The reviewers call Baker exotic, savage and primitive. They don’t know how to place her, or the rubber banana skirt resting on her hips, only that they cannot stop watching her eyes cross and her legs shake. She is not native like the others in the colonies. She gives them a native dance to be consumed. A native dance revered. A dance worth remembering. 

I think about the girl dancing in Patrizi’s photograph, also in Europe, and how she, too, exists as a dream in the frame. Both young women are objectified by their audience; yet and still, they dance around and between. Existing only in the liminal. 


A Disquieting Intimacy (2012), Paolo Patrizi


There is an archive of Black women making home and within this, the archive of dance. Within the archive of silence and the archive of displacement, the vision of the dancer becomes clear. The dancer’s movement, her choices and her intentions, are hard to place, but in motion, nonetheless. 

* * *

Most of what’s left of the twenty-six Nigerian women found dead in the Mediterranean is a slogan on a shirt. I have a replica made and almost wear it for the dance, but I decide to leave it in the car. 

I can see her a few days before her trip, as she buys the shirt from the market in Edo.

The agent who arranged her travel has assured her parents that she is going to Italy to get an education. The week before that she is standing outside the Babalawo’s shrine surrounded by empty glass bottles, bush, the scent of stale blood and a chicken cock-a-doodling louder than usual because it knows what’s coming. She has given the Babalawo some pubic hair and fingernails, and he has pricked her index finger for blood. 
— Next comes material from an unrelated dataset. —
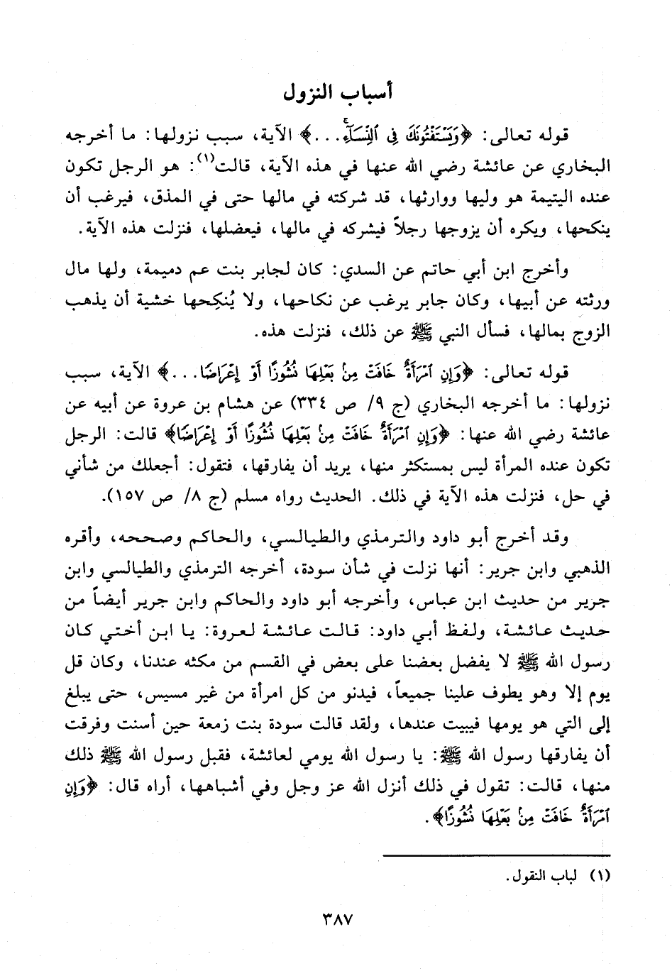 قوله تعالى: {وَإِنِ امْرَأَةٌ خَافَتْ مِنْ بَعْلِهَا نُشُوزًا أَوْ إِعْرَاضًا ...} الآية، سبب نزولها: ما أخرجه البخاري (ج 9/ ص 334) عن هشام بن عروة عن أبيه عن عائشة رضي الله عنها: {وَإِنِ امْرَأَةٌ خَافَتْ مِنْ بَعْلِهَا نُشُوزًا أَوْ إِعْرَاضًا} قالت: الرجل تكون عنده المرأة ليس بمستكثر منها، يريد أن يفارقها، فتقول: أجعلك من شأني في حل، فنزلت هذه الآية في ذلك. الحديث رواه مسلم (ج 8/ ص 157).

She makes the oath: she will never give birth, if she breaks her promise to her Madam—the woman standing next to her. They are bound together. 

After that, she is in Libya. The middle of the passage. A different Africa from home in Nigeria and cruel in different ways. Maybe that’s why she lets the juju hold her. It is another bit of home she can take with her. 

But that day in the market, the journey is unknown, and the promise of smelling the Italian air makes her nose wet in anticipation. She sees the shirt hanging on the stall door and it reads, “I am super happy,” in white ink on black cotton. 

* * *

I sweep up and down Lagos Island for three hours, and once or twice, I use so much momentum that the broom slips out of my grasp and lands a few feet ahead of me. My broom doesn’t sweep the refuse away. Rather, it carries the filth and sand and rubble from street to street. When the filth starts to stick to my toes, ankles, legs, and arms, creeping up to the base of my neck, I contemplate whether the women in 1924 were sweeping to rid the land of the dirt, or to become reacquainted with land that was slipping away from them. 

In A Map to the Door of No Return, Canadian poet and writer Dionne Brand notes, “there is a sense of return in migrations…migrations suggest intentions or purposes. Some choice, and if not choice, decisions. And if not decisions, options, all be they difficult.” Without their names, I dance and sweep to remember the twenty-six girls who made difficult decisions when they migrated. Girls for whom return is impossible. How do you make home? As a process, a performance, as a ritual? I acquaint myself with the soot to ask these questions rather than answer them.  

When both the broom and I are completely filthy, I pour kerosene on it and set it on fire. It takes hours before it finally burns.